- Prompt -
Using the data that follows, output only the lines from the line with "Layar menampilkan pergerakan" up to and including the line with "おむつ替えスペース・ベビーベ", exactly, leaving pictures aside.

- Data provided -
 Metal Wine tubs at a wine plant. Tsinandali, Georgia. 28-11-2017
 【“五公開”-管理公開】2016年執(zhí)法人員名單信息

* * *

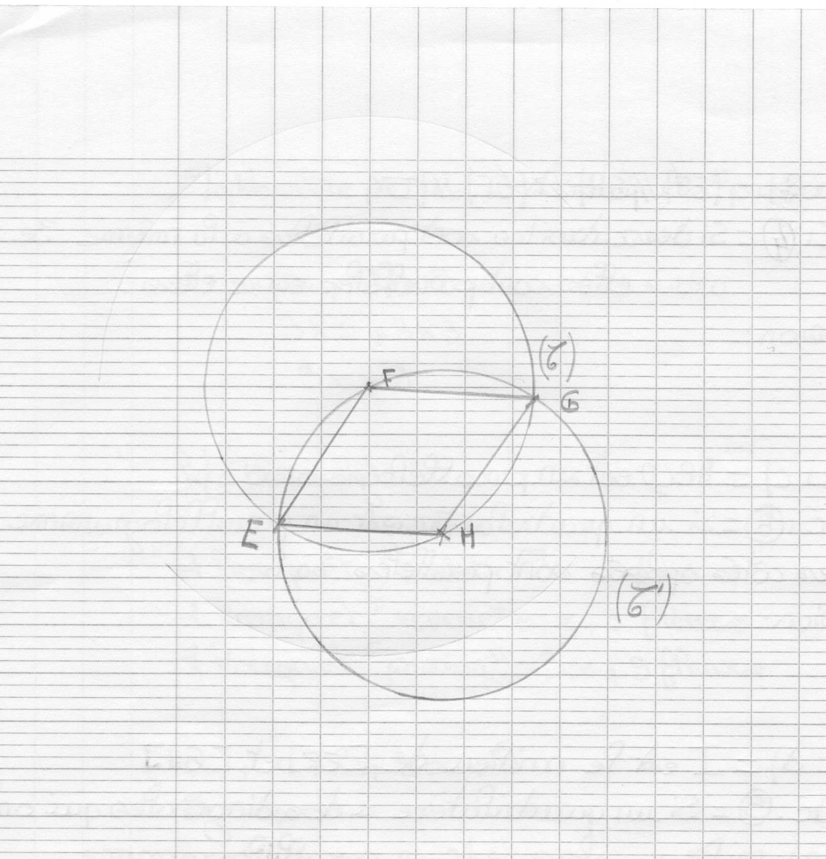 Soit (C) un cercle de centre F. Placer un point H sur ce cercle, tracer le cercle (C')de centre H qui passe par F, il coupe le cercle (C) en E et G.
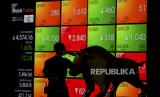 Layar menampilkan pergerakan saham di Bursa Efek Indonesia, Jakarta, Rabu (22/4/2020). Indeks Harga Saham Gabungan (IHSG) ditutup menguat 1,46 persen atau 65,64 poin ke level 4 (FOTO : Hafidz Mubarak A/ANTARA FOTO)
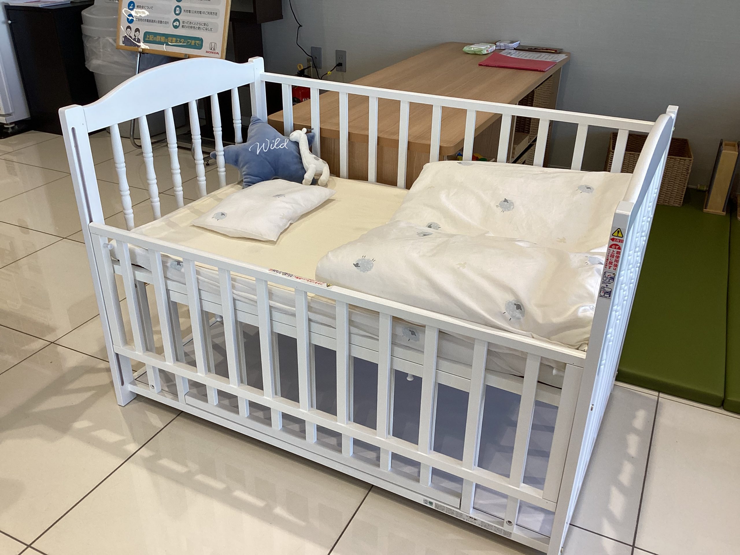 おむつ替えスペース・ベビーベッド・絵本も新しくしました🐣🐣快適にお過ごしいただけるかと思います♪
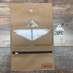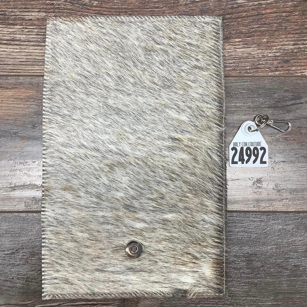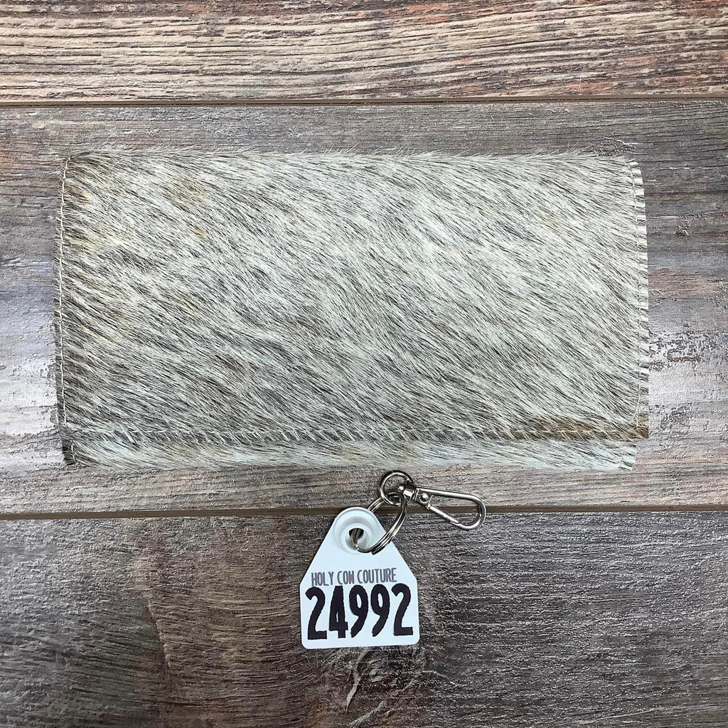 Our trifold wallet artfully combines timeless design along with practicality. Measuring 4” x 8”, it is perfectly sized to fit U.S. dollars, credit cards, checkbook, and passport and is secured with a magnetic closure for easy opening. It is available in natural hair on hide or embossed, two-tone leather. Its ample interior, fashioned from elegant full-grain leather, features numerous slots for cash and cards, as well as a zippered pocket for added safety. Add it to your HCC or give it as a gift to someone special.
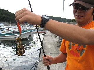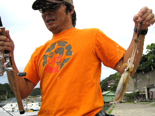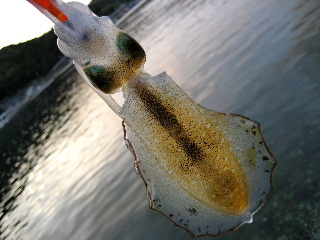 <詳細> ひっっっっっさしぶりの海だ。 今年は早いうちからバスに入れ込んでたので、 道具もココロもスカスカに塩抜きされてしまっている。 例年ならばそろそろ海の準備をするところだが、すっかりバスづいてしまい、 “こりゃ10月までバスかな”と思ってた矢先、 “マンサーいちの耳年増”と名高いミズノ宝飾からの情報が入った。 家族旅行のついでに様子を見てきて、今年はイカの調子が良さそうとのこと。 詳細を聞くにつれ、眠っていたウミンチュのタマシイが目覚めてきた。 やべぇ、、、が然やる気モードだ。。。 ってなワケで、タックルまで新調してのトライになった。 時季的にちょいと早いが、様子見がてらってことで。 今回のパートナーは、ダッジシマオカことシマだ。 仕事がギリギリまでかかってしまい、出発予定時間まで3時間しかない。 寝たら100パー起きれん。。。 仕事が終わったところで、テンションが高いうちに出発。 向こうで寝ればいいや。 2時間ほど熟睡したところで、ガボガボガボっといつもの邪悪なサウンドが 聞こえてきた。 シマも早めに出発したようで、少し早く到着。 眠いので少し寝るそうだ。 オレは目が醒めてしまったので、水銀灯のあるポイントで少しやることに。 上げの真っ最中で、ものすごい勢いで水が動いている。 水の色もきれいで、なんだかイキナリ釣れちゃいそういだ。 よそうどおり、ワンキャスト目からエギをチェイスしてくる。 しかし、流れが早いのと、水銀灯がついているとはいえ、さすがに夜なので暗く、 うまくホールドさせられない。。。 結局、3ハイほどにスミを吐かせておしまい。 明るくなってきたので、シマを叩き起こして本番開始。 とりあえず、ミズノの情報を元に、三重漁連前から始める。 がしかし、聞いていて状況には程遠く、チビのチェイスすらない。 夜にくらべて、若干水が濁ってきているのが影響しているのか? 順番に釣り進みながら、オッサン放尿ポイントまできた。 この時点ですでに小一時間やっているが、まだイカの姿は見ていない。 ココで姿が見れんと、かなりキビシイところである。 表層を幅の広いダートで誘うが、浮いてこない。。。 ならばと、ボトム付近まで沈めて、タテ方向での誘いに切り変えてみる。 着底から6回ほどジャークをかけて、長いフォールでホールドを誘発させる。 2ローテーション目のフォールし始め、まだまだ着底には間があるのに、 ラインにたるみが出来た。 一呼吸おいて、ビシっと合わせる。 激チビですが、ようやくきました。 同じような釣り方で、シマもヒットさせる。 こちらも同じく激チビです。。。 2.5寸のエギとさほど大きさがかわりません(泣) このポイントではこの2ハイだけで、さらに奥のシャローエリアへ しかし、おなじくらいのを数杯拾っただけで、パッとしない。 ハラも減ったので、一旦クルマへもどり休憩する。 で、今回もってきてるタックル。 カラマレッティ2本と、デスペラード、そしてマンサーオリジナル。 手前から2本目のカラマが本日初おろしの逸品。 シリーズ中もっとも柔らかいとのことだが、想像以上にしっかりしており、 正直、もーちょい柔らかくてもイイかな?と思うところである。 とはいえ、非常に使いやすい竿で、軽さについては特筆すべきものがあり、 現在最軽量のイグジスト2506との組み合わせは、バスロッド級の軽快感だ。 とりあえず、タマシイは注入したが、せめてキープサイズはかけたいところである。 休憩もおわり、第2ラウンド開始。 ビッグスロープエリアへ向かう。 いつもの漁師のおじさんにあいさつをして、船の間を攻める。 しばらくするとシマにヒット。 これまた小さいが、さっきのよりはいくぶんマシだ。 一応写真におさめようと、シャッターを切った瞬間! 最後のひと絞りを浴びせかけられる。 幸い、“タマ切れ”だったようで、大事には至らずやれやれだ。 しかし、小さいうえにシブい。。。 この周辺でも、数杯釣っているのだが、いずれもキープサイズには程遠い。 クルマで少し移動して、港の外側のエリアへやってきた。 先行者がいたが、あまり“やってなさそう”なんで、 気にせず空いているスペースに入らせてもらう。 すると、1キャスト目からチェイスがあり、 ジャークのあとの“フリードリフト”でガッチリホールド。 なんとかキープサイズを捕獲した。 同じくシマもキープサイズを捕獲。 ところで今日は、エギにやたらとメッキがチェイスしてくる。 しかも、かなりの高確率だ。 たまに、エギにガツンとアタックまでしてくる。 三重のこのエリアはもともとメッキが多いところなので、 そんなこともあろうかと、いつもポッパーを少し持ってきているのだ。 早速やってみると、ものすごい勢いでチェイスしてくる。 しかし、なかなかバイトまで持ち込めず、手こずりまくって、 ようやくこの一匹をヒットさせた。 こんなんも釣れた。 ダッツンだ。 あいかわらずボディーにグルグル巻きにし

- Worked solution -
 Layar menampilkan pergerakan saham di Bursa Efek Indonesia, Jakarta, Rabu (22/4/2020). Indeks Harga Saham Gabungan (IHSG) ditutup menguat 1,46 persen atau 65,64 poin ke level 4 (FOTO : Hafidz Mubarak A/ANTARA FOTO)
 おむつ替えスペース・ベビーベッド・絵本も新しくしました🐣🐣快適にお過ごしいただけるかと思います♪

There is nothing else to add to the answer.